**What you should do**: Among the entries below, retype exactly the lines starting with the one with "Fleecedecke Nordisch, Wendedecke" and going on through the one with "19 Methylation of", but not the pictures.

**Excerpted data**:
"""
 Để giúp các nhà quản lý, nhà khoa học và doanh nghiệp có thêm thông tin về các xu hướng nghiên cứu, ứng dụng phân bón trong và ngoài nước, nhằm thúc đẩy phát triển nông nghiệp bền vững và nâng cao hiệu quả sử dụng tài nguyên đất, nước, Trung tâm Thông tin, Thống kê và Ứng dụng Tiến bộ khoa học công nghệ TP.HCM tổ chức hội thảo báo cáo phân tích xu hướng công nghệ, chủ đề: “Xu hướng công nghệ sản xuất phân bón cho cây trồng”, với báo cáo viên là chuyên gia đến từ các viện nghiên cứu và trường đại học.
"""
"""
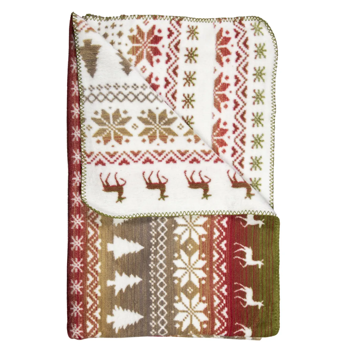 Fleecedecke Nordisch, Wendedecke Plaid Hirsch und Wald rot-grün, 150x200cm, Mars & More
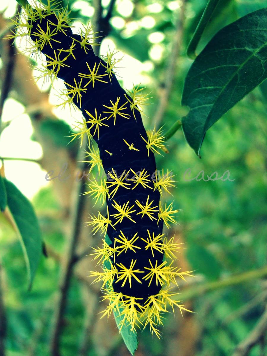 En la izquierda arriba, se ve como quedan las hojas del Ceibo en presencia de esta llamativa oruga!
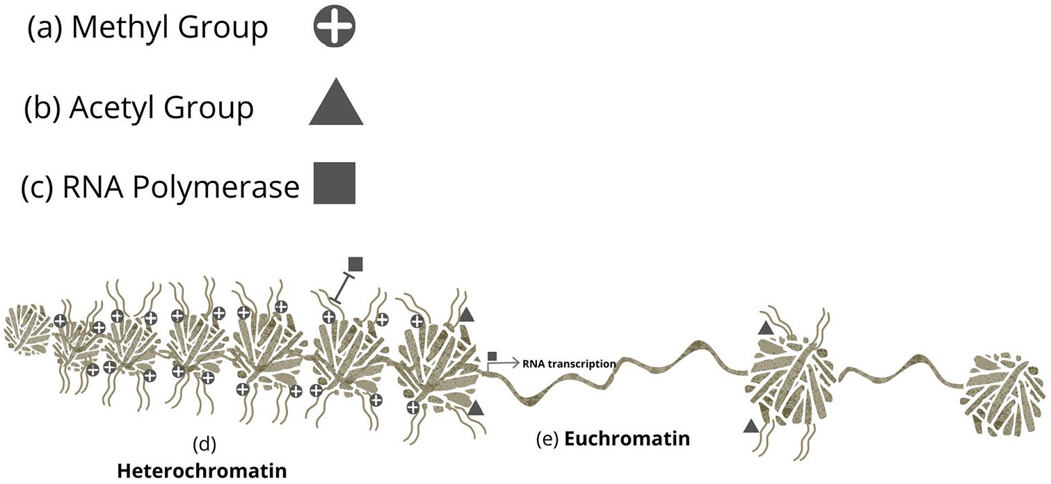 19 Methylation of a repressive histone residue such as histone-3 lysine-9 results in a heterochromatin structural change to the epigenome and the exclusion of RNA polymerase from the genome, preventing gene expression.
"""
"""
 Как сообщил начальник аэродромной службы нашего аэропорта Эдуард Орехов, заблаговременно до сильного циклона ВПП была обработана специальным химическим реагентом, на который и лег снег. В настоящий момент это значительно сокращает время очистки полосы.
"""
**Solution below**:
 Fleecedecke Nordisch, Wendedecke Plaid Hirsch und Wald rot-grün, 150x200cm, Mars & More
 En la izquierda arriba, se ve como quedan las hojas del Ceibo en presencia de esta llamativa oruga!
 19 Methylation of a repressive histone residue such as histone-3 lysine-9 results in a heterochromatin structural change to the epigenome and the exclusion of RNA polymerase from the genome, preventing gene expression.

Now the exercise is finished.